The house was a mess. Breakfast dishes were piled beside the sink, two baskets of clean laundry were stacked in the hall, and a bag of dirty diapers was tied up by the door, still waiting, after three days, to be taken out to the garbage. They paid premium for bags that masked odour, so the bags didn’t smell, but maybe they did and Jess was just immune to it. It was possible that the whole house reeked, so Jess apologized for everything being such a disaster. She should have tidied up.
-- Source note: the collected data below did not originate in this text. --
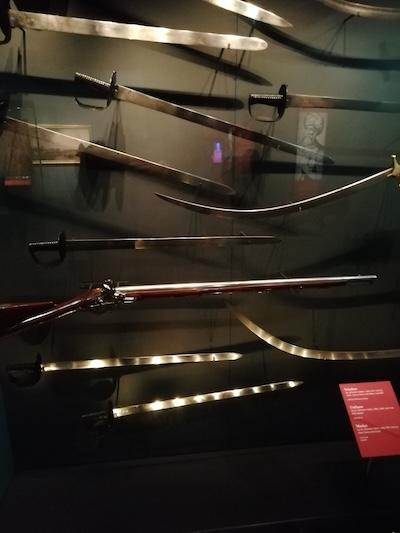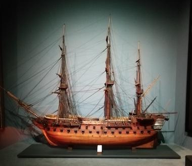 What we do quite consciously note, however, is that the British fleets have been present and prevalent in many waters way beyond our shores over the centuries. For example, there is a big display on the Bombardment of Algiers in 1816, led by Admiral Lord Exmouth and the British and Dutch fleet which put an end to raids on European shipping and the enslavement of Christians by shelling the port city of Algiers from the sea and killing between one and three thousand people. Quite movingly, the woollen Ottoman flag—red with three white crescents—is on display as a war trophy taken in the battle by Royal Navy lieutenant James Everard.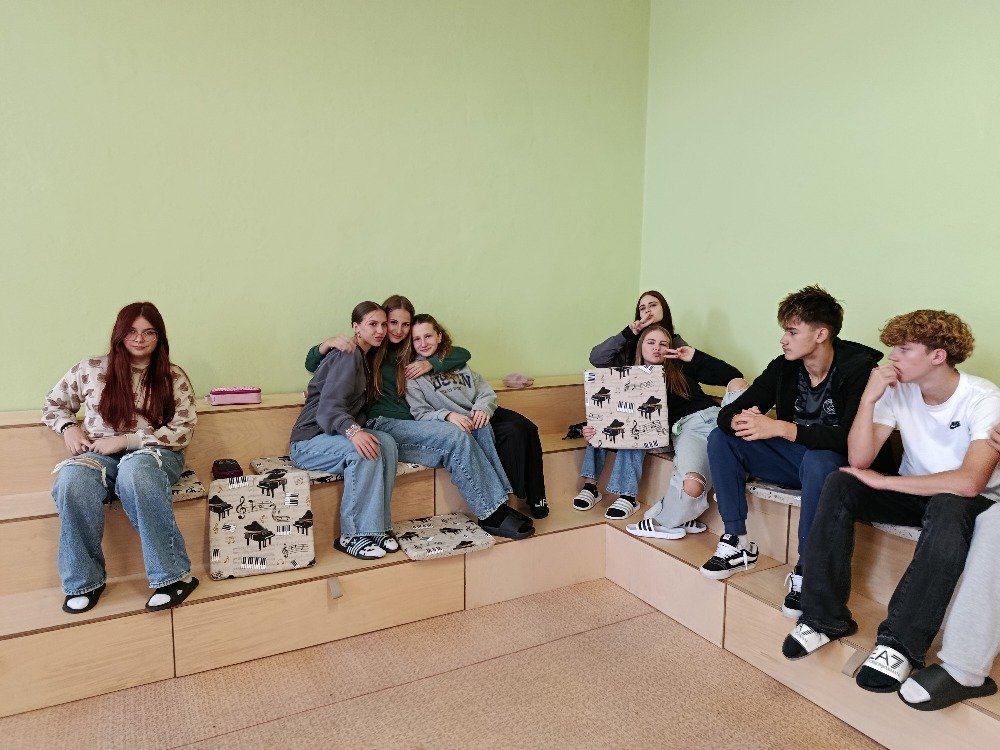 Datum: 10. 10. 2025Naše oblíbená Skill zóna prošla malou, ale výraznou proměnou. Nově je vybavena barevnými podsedáky s hudebním motivem, které nejen zútulnily prostor, ale také podtrhly jeho kreativní atmosféru.
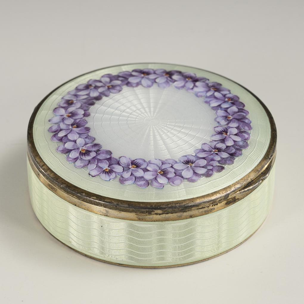 Emailliertes Silberdöschen mit Veilchenkranz.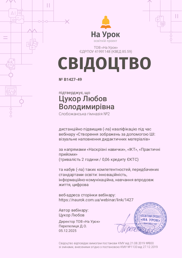 Свідоцтво підвищення кваліфікації «На Урок» містить усі дані, визначені чинним законодавством (тема, напрями, компетентності, години тощо).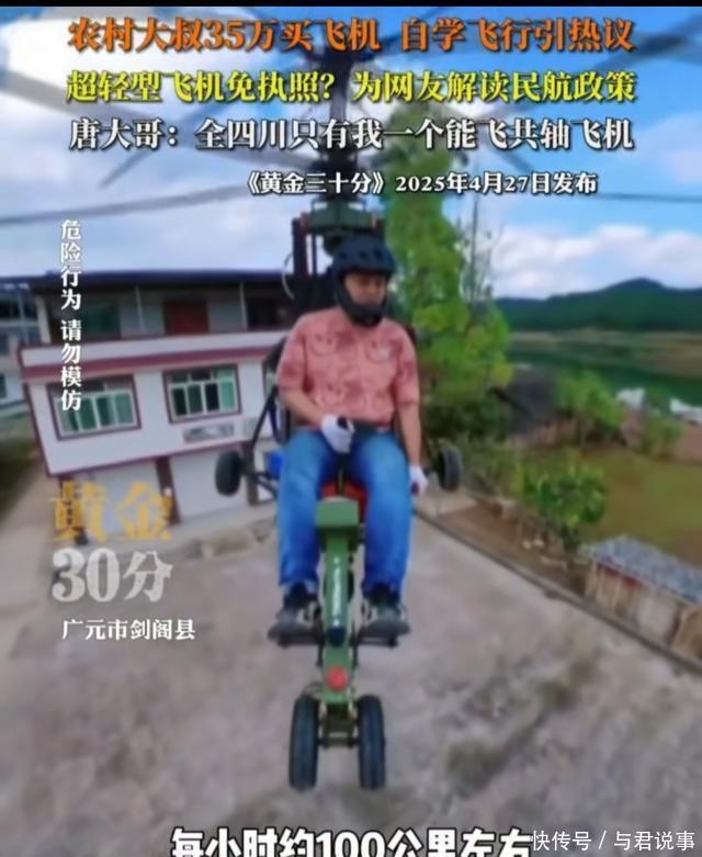 “会飞的铁棺材” 这类民间自制飞行器没有生产资质,也未经任何安全检测,被航空专家称为“会飞的铁棺材”。 飞机的机身是拼接的金属框架,仪表盘极其简易,完全依赖燃油动力,没有任何电子报警系统。 更危险的是,它没有机体保护装置,也没有应急降落伞,螺旋桨离驾驶员极近,座椅简陋难以保持平衡。 而且,唐正兴的飞行技术也令人担忧,他累计自学练飞只有9小时。 在今年他还出现过两次严重事故:3月因油表故障从5米高空坠落;5月又因同样问题从10米高处摔下,全身湿透的他还在直播中调侃"湿身打卡"。
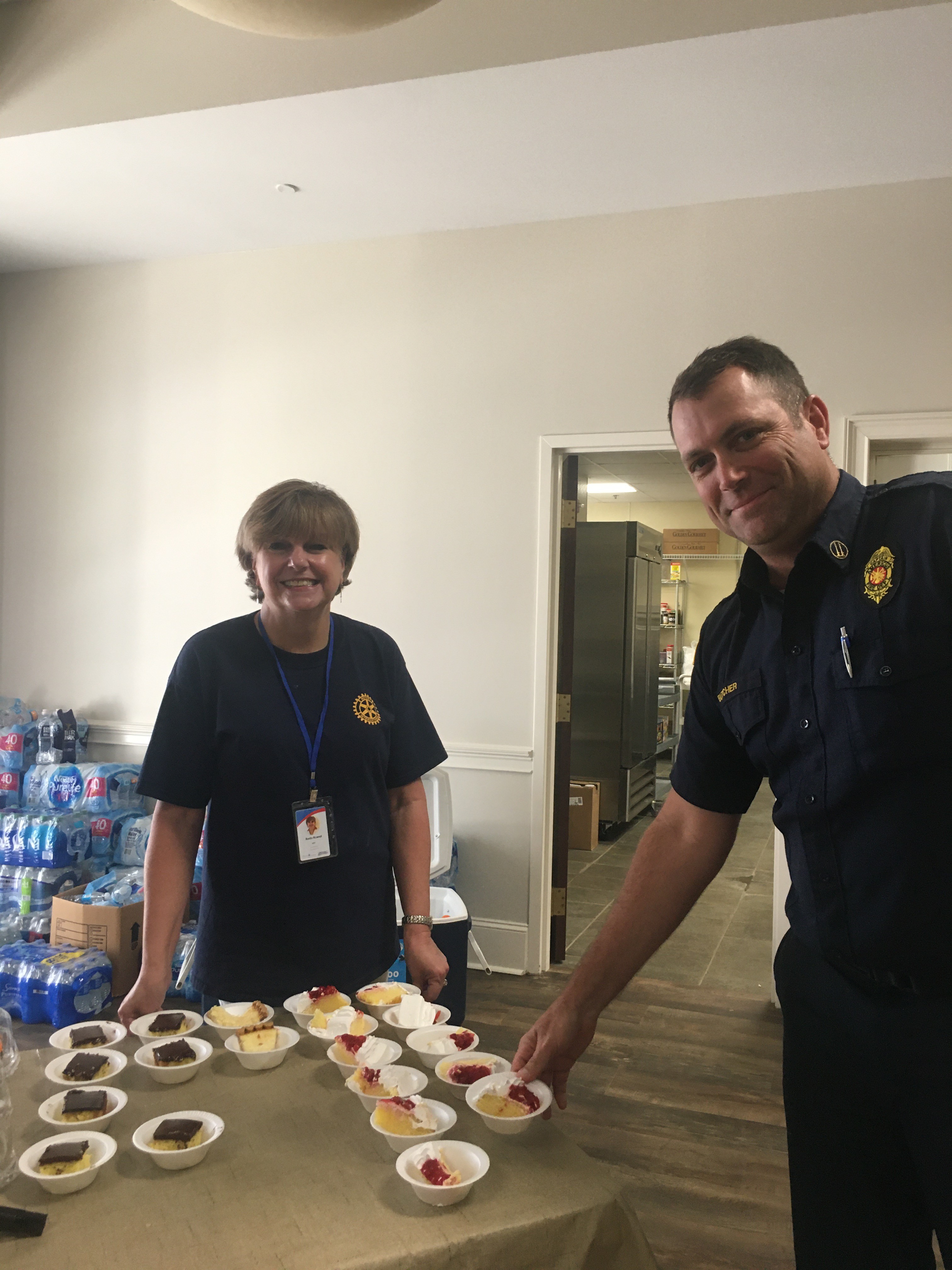 Rotary answered the call to feed first responders and volunteers who jumped into action after a tornado hit a residential area in the northwest part of town. Rotarian Reda Rowell helped coordinate and serve meals.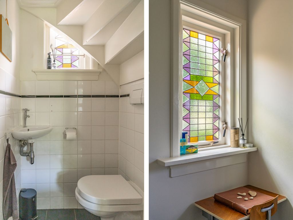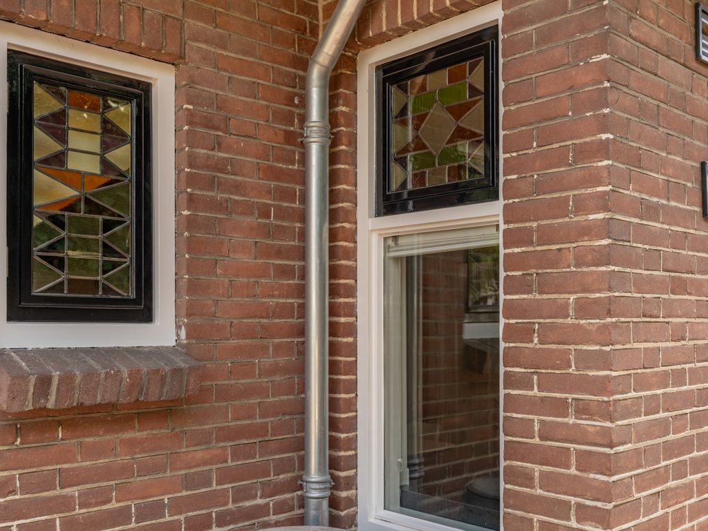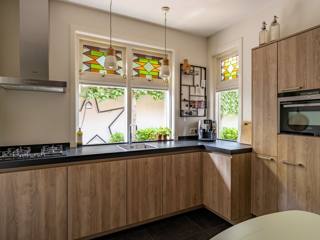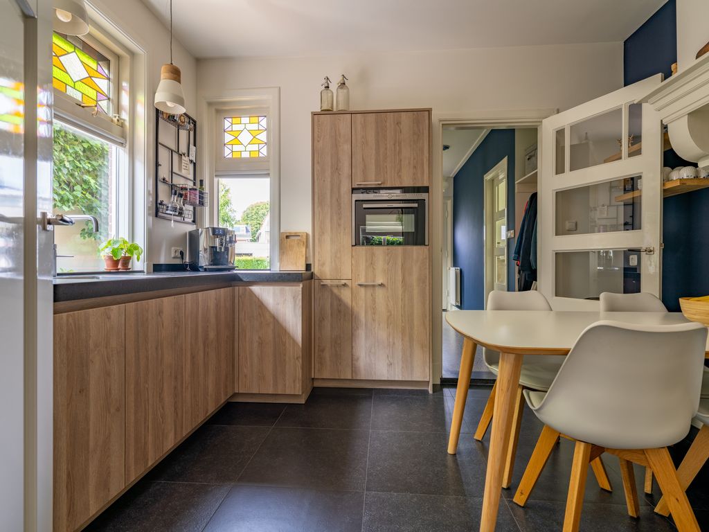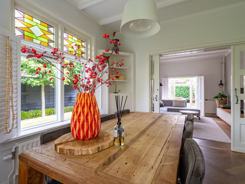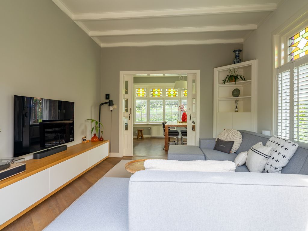 De lichte woonkamer met kamer-en-suite, marmeren schouw en houtkachel vormt het hart van de woning. Openslaande deuren leiden naar het zonovergoten terras – een heerlijke plek om te ontspannen. De authentieke jaren ’30 details – glas-in-loodramen, paneeldeuren, erker, granieten vloer – zijn zorgvuldig bewaard gebleven en combineren prachtig met  modern wooncomfort. De keuken met karakteristieke erker en schouw is zowel stijlvol als functioneel, voorzien van hoogwaardige apparatuur waaronder een Quooker. De keuken geeft toegang tot een royale (wijn)kelder met daglicht. De praktische bijkeuken heeft een nieuwe kastenwand.
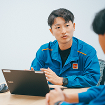 仕事を教えて。入社2年目の頃、運転中の排熱ボイラーにて不具合が発生し補修を行ったことが特に印象に残っています。急ぎの工事であったため、工事計画や見積りの確認などに追われて忙しい時期でしたが、今では良い経験だったと思っています。普段担当していただいている協力会社では対応が難しい内容だったため、初めて関わる別の協力会社と共に仕事を進めることになりました。その際、コミュニケーションが非常に大切だということを痛感。それからは関係者とのコミュニケーションを密に、円滑にとるように意識しています。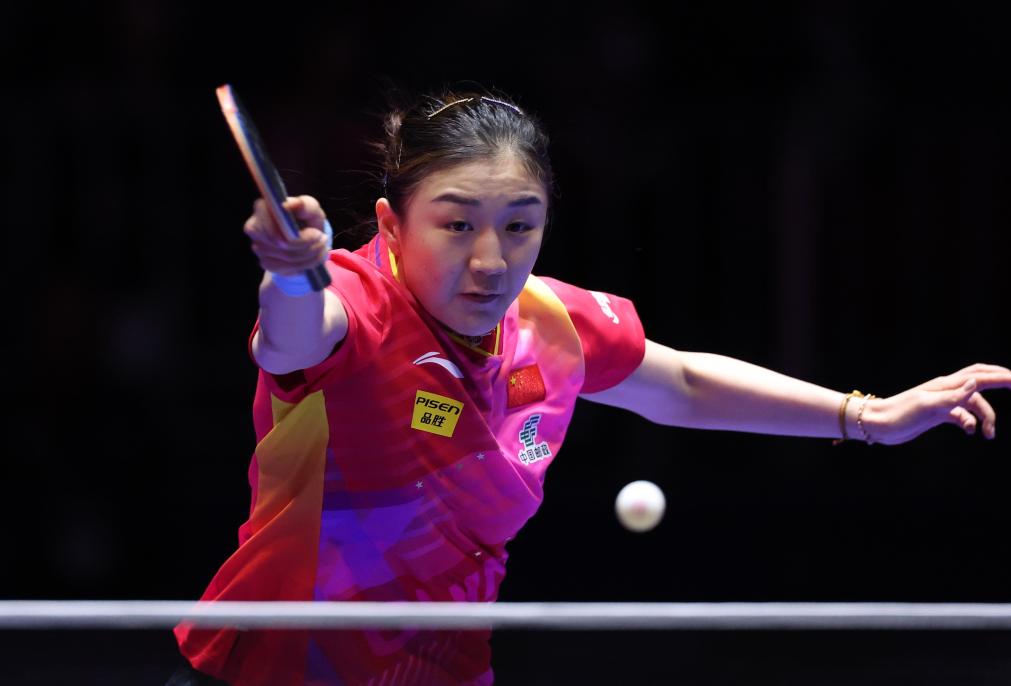 2月21日,中國隊球員陳夢在第一盤比賽中回球。新華社記者 楊世堯 攝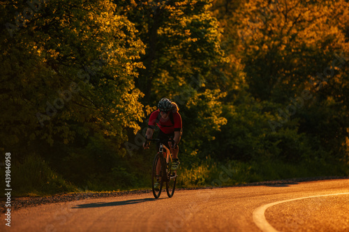 © bernardbodo, Fototapeta premium Bicycle rider pedaling on a country road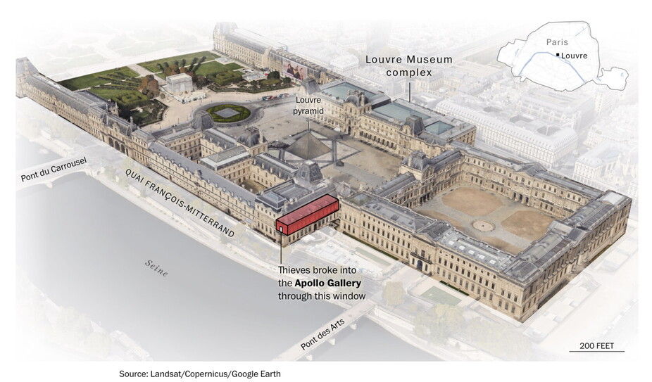Cosa è successo nei sette minuti di furto al Louvre. Le infografiche
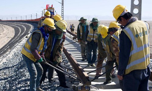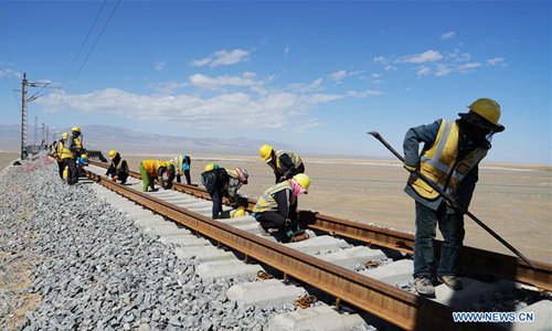 A worker lays track on the Dunhuang-Golmud Railway in Jiuquan City, Northwest China's Gansu Province, June 15, 2019. The last pair of 500-meter-long track were laid on the Dunhuang-Golmud Railway on Saturday, marking the completion of the track-laying work for the railway, which links Dunhuang in Northwest China's Gansu Province and Golmud, a city in Northwest China's Qinghai Province. (Photo: Xinhua)
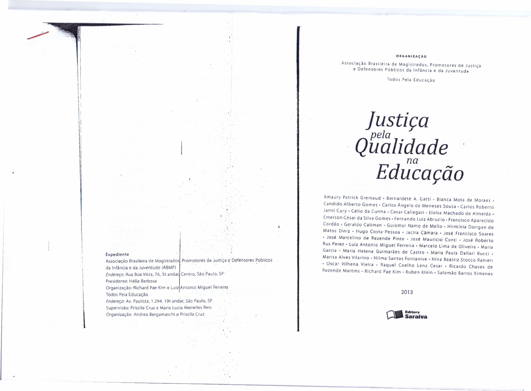 ',' " Expediente " Associação Brasileira de Magistrados Promotores de Justtçae Defensores Públicos da Inf3ncia e da Juventude (ABMP)' " , Endereço: Rua Boa Vista, 76, S~ andar Centro, Sáo.Paulo, SP' Presidente: Hélia Barbosa Organização: 'Richard Pae Kim e Luiz Antonio Miguel Ferreira Todos Pela Educação Endereço: Av, Paulista, 1,294. 19~ andar. S30, Paulo, SP Supervisão: Priscila Cruz e Maria Lucia ~eirelles Reis Organização: Andrea Bergamaschi e Priscila .Cruz ORGANIZAÇAo Associação Brasileira de Magislrados. Promotores de Justiça e Defensores Públicos da Infância e da Juventude Todos Pela Educação justiça pela Qualidade na Educação Amaury Patrick Gremaud • Bernardete A, Gani. Bianca Mota de Moraes • Candido Alberto Gomes· Carlos Ângelo de Meneses Sousa. Carlos Roberto Jami! Cury • Célio da Cunh a . Cesar Callegari • E!olsa Machado de Almeida • Emerson Cesar da Silva Gomes· Fernando Luiz Abruclo . Francisco Aparecido Cor d ão . Geraldo Caliman • Guiomar Namo de Mello. Hirmínia Dorigan de Matos Otnlz • Hugo Co staPe ssoa • Jacira C3mara • José Francisco Soares • José Marcelino de Rezende Pinto· José Maurício Conti • José Roberto Rus Perez· Luiz Antonio Miguel Ferreira • Marcelo lima de Oliveira. Maria Garcia • Maria Helena Guimarães de Castro. Maria Paula Dallari Bucci • Marisa Alves Vilarino· Nilma Santos Fontanlve . Nina Beatriz Stocco Ranieri • Oscar Vilhena Vieira • Raquel Coelho Lenz Cesar • Ricardo Chaves de Rezende Martins • Richard Pae Kim • Ruben K!ein • Salomão Barros Ximenes 2013 (\1. Editora ~ Saraiva (\l.U--~ Saraiva RIJOHt~iIu'Sclwnann, 270, (~queüo C4lcr - lôo PllIlIo- 11' (EP0\413-909 PlBUll) 36133000 \ACJUt 0800 01\ 7688 De 2' o 6', dos 8:30 às 19:30 \Clloivo~1@ediIOCO\OlOivo,Com.br Acl1se: ••••• .lOroivoiuf.eom,b, FIliAIS A/MIONAl/ROH06!lMORAIMA/AUE RIJO(•••• "'OI'tdo,Só-(,"" fOM: (91) 343l-4211- fGx: 1911313l-47S1-Ma",," BAHIA/lEaGlPE ilIo~0/",.13-~"'" fOM: 17113381·58S./33SI·589S ",,:17I13311~919-101vodo< IAlIRUISÃO'AU10I RIJO"""""",,"000 •• 1·II/H7-( •• " I,,,: (I~I 3llH64J - I,,: lU) 3l3H~OI-1io<Ju (w.I!PI.\uI!MAIAHHÀO A'. fQ.- G.",,~ 170 - .~"'''l'f,,,, ISI) 313~13l3/3l3~1384 fOI: ISI} 32~1331- 1~loI", DISTRITOIRlEIAl III/Wc lodIo 2101' 8\0 - li •• 10It~r.mc. AbosIeàr"1O l,no:16Il3344-l9W/33U·1911 fod61} 3344·170'1-Broslio GOIÁS/TOUNnllS I'.•••"ndôoIdo.\330 - III~ ItI0p0n, I•• : 161}3m·1SSl / 321l·2Sij6 10< (l11 m4-30i6-GoiIniI MATOGIOIIO DOIWMATOGROSIO RIJOl4dol••.•. lI~-(,," 1<00: 16713382·3&8l- fOl' 161)3382~112 -Cool><>~"" IIINIIGW~ RIJOAlóm,.r.a..449-1,goinha I••• , 13Il3419~300-1,,: (31} 3419·8310- 8eIo~"",~ ,AlÁ/wlA """" •• ~.I86-Bo,SI'ÚIr~I",,, 19113122·9034/3224·9038 1•• :(91}3241~9'/-"W~ PlRAIt.\!lANTACATAIINI RIJO"""'0;0 iJM"". 2891 -'rodo Vtl'>o 1"'/10< 141}3331·m~ - (uriilb! PEJNMlIIKO/PWlIA!l G. DONORTVllAGOAI RIJO(.,010 d, Iispo. 181- Boar••• 10110: ISI} 341Hl~6- 10< 111}3-4ll~IIO-R,.;{, IIUIIÃO 'afiO llio /lUlO} /N,1,,,,,,,,.1 •• ,.1211-(" •• 1,1\1:116}3610-5S43-lu 1I1}361~2S4 -RiboiIõo~"o lJ() OEJIJIDIO/lsrlRITO 1.00'0 Iiio r"ondo d. \o:l~kobelll3, 119- Vlo IIObo! lon.12Il2177-9~94 - 10l: (21}1177-8867/ 1177·9161 i.doJoroI~ ijO GRANDEDOSUl lII.ll._,.131-I,",pos """flOl: III} 3371~OOI/3371-1467/3371·1167 '.~IieI. SÃo'AUlO /N.ArlIÓfj«).91-Bonol"', lone:'ISX 111}311~3666 -110 PooIo ___ I ISBN 978·85·02·19576·9 Oodos Inlemoci<>noisde (oloi<>gOlôono Publicoç;o ((IP) ((OmOlo 810lileiro do Ui<o. SP, 81O~1) Jusli\o ~Io qoolidodno edu<oçõo / ABMp, Todos pelo 100(0\60 (orgonlzor;õo). - ~iIo Poulo , Soroivo, 2013. Villios OU10l81. BibtooQrofio. UdlKOçõo 2. Educoção· Brosil 3. Edu<odores· formOl;o 4. aU<Jlidod. do ensino I. Todos pelo 8ooCOÇÕO. 12·1\657 COlJ-370.981 Indices poco cotólogo sillemólico: 1, 8rosil : Educoç;o de quolidode 2. Ouolidode 00 ,ducOlÓO : B,osil 370,981 370.981 Direi., ,,"""lal WizRooe;,o c.lia ' Ger•• r. cJ. ptO<lulão .rli/.'ioi ligia ANos fdila(Q TIroIs di ComOlgoRoOO9uBs "O<Iulolo "#0(;"/ C/Grissc BoralemMorio Prapa,oção d. origioo. Ano.CrisIino Goreia 'I~ariotzÓbeI Borre,os 8ileJlC1JU(/Brl1l/J1l IianiaI,Povonillowlr. An •• diagromolõa CriJlinIJApOfe~ ~ de Fleillll Edson Coiobor>< R.visõo d. pt.,cn Rito de cdssÍo OueirOl wgcti WcieM BIPc;:Ii AJiiloMooiz S.1V~os .dil",",. CmArti.UWlek. Moric (di Coutfnho MOfIÍII5 Copo Caso de ldmM IOonitI.o ProdlJf6. grófico lr'!><Ii Rompim , Impr01l4' Ed.Loyo/Q Acabom,,', Ed.loyalr' , /mtJ"lC 8IJIpopel ,óIait do ~l~JlO: GromotUla70 gJm'. Data de fe<hamenlo da edlção: 5·3·2013 O •• lda.7 .Acesse ~.saTai~aiur.com.br . N·U1Ium,p~1I dl~" PUWk.\!O'·~~'; SI( ,,~odUl~' p;, quolquormeio cufolmollmClpléYiooulortl~l»do[dilola 5«oi'tG. A,iob\!t doI dj,il" •• ra". I cri•• IllObelodrlono lola, 9,110/11 I p",~, p.lo arlioo 184 d~ [6r100 ,,,,1. I 1'1 'II, i (' Nota dos organizadores o Todos Pela Educação é um movimento da sociedade civil brasileira que tem como missão contribuí r para a efetivação do direito de todas as crianças e todos os jovens à Educação Básica de qualidade até 2022. ano do bicentenário da Independên- cia do Brasil. A Associação Brasileira de Magistrados. Promotores de Justiça e Defensores Pú- blicos da Infância e da Juventude (ABMP) desenvolve ações nacionais. regionais e estaduais. as quais abrangem os cerca de 6.000 magistrados. promotores de Justiça e defensores públicos que atuam nas aproximadamente 2.700 Comarcas da Justiça Co- mum. Cobrindo todos os municípios brasileiros, essa associação busca aprimorar a garantia de direitos de crianças e adolescentes. do Sistema de Justiça da Infância e da Juventude e de todo o Sistema de Garantia de Direitos brasileiro. A motivação que nos levou a realizar este trabalho em parceria foi o desejo de aproximar o mundo do Direito e o mundo da Educação. não no sentido de promove

“Hey, I invited myself over,” said Clara. “You don’t need to be sorry.” She was happy to report that her interview had gone well, and she wanted to talk about it. Jess considered, as she filled Bella’s sippy cup and tried to listen, that maybe Clara hadn’t come over tonight to go through an itemized list of Jess’s struggles, to hear about the panic, the mess, and how the house had started to feel like Jess’s days: confining,claustrophobic. The walls were closing in and there wasn’t enough light.
When they bought the place, Jess recalled, it offered so much space they couldn’t even imagine how to fill it. There had been a spare bedroom and a linen closet; now they didn’t have either, because the spare room was the nursery, and the linen closet was stuffed with small appliances in need of repair, outgrown baby clothes, and a decapitated wooden rocking horse. At the start of her maternity leave, Jess had entertained all kinds of notions—she would learn about carpentry, she’d fix up the horse!—but then the year was up and the horse still had no head.
“It’s too small,” she complained, the house. They’d been trying to put down roots, but instead of roots, it was baby stuff that had spread everywhere, all that gear that had to be stored somewhere, and that somewhere was everywhere, and it sometimes occurred to Jess that nearly every surface in their home was made of plastic and played a stupid song.
“We need a house with a basement,” said Jess. Not a condo, but somewhere planted firmly in the ground. A place to store boxes of photos and her grandmothers’ china, camping equipment and fishing rods.
“But real estate’s a nightmare,” Clara said. “I mean, there are basements, but they’re all tiny apartments with five-foot ceilings that smell like backed-up toilets. I should know—I’ve been looking.” She sighed. “I never thought it would be this difficult to find work. It doesn’t matter how long my CV is. If all the experience is international, it’s like starting from nothing. It’s dispiriting.”